You can read the report here.
To learn about the program, we reached out to our peer organization Bikemore; Executive Director Liz Cornish and Policy Director Jed Weeks then agreed to host us for a day-long fact-finding trip. Our group included Councilman Mark Squilla, PA State representatives Mike Carroll of Scranton and Sara Innamorato of Pittsburgh and State Bicycle and Pedestrian Coordinator Roy Gothie.
We began our trip at Bikemore’s office in Central Baltimore, situated along Maryland Avenue, the City’s 3 mile showcase protected bike lane from the Inner Harbor to Wyman Park Dell just south of Johns Hopkins University.
We then traveled to the East Inner Harbor where got to test out the Lime Scooters and heard from a bike and scooter commuter at Exelon who talked about how her company addressed this new transport mode. We then went to the Baltimore offices of Ballard Spahr for lunch with some of the City’s shared mobility leaders.
The absence of bicycles in the study did not go unnoticed. In August, Baltimore cancelled its troubled docked bike share program, at the same time Lime and other dockless providers have cut back bike deployment in favor of the more-popular scooters.
We heard from Jon Laria, Chair of the Mayor’s Bicycle Advisory Commission, who stated that Baltimore has lots to learn from Philadelphia with the success of Indego and they were hoping that we can host their group in the future. Megan Young, Baltimore’s Shared Mobility Coordinator, noted that there are many people who prefer bikes over scooters said that the City will ensure that there will be incentives for firms to include e-bikes in their permit applications.

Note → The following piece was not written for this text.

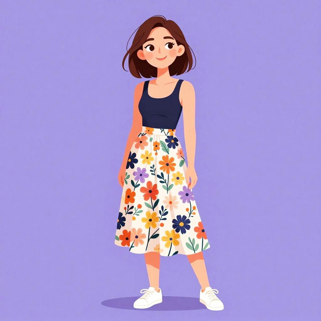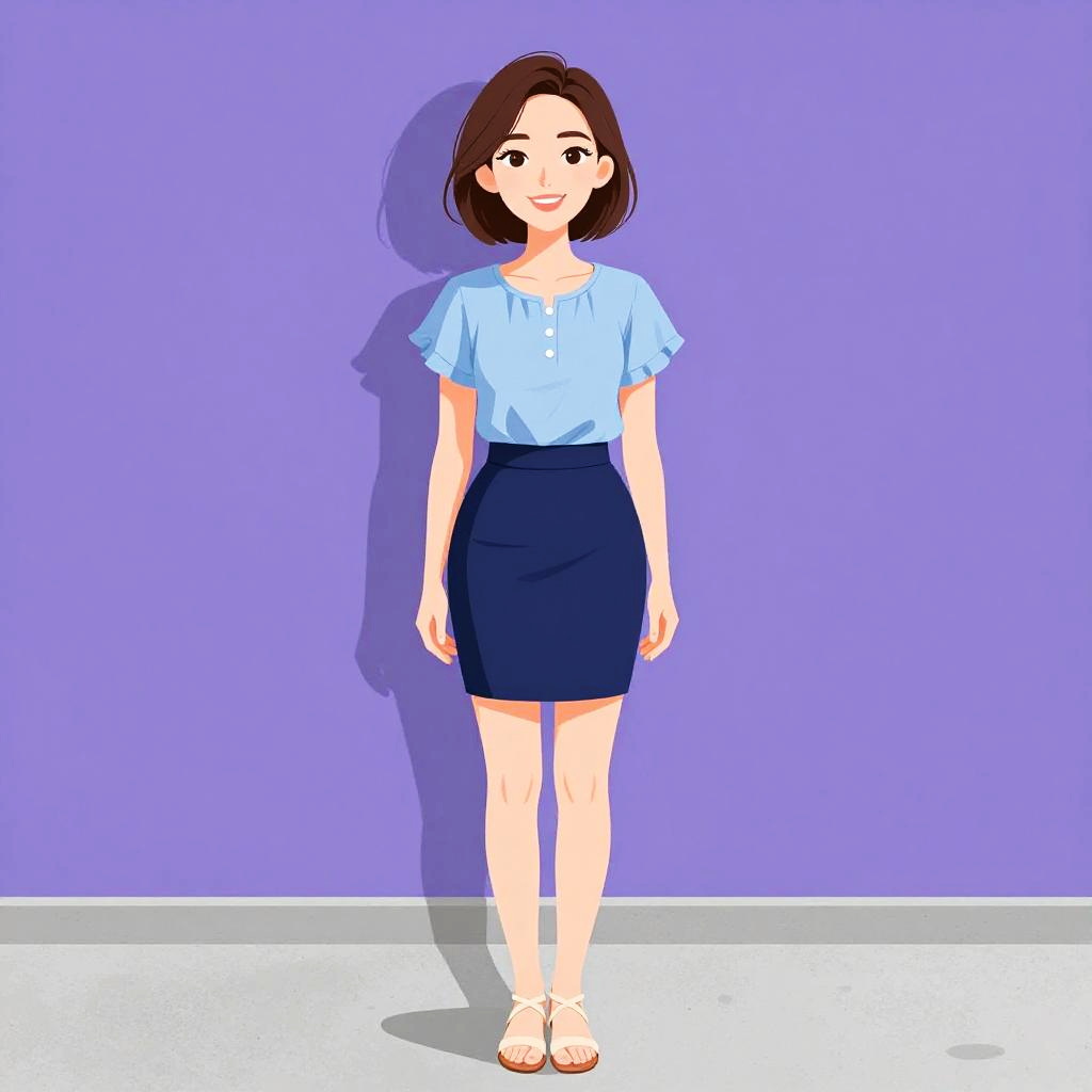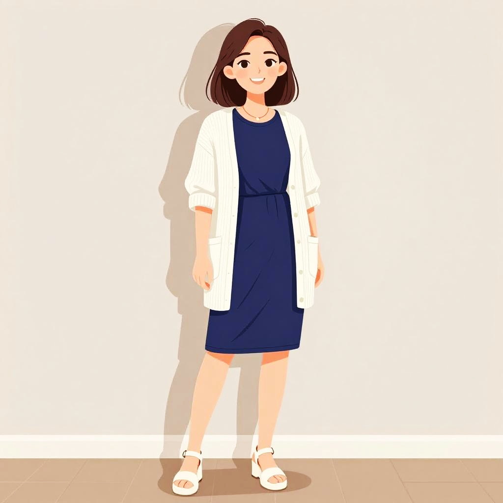 Woman with pretty face and pretty hair. smiling Woman, casual chic, navy blue T-shirt dress, short rolled-up sleeves, relaxed fit, ribbed white open-front cardigan with long sleeves, mid-thigh length, minimal jewelry with a thin necklace, white platform sandals with ankle straps, simple and natural hairstyle, neutral indoor setting with a plain light background --sref 1467

Baltimore Councilman Leon Pinkett spoke about how shared mobility improves the low cost transportation choices needed for the residents of his district.
At the end of the day we got to question representatives of Lime and Bird and ultimately the issue of charging came up and how do they contract out this work (interesting that they brand people with similar jobs: Bird simply calls them “Chargers” although they were formally referred to as “Bird Hunters”, while Lime calls them “Juicers”).
Like Philadelphia, Baltimore’s bicycle network faces political challenges.
On March 30th, late on a Friday, Mayor Pugh ordered the removal of the City’s other protected bike lane on Roland Parkway due to strong opposition from the Roland Park Civic League. Last year, a Baltimore firefighter was arrested for assaulting an employee of the City’s Planning department at a public bike lane meeting.
We are indebted to Baltimore Councilman Leon Pinkett; and Jon Laria, Chair of the Mayor’s Bicycle Advisory Commission; and Liz Cornish and Jed Weeks of Bikemore; for organizing the day and for welcoming us by giving their time on Monday to share with us their experience with dockless scooters. Maggie Gendron and Shari Shapiro at Lime, Monica Laufer at Bird, were also there to offer information about the companies’ work. A special thanks to Jon Laria for hosting us for lunch at his Ballard Spahr office.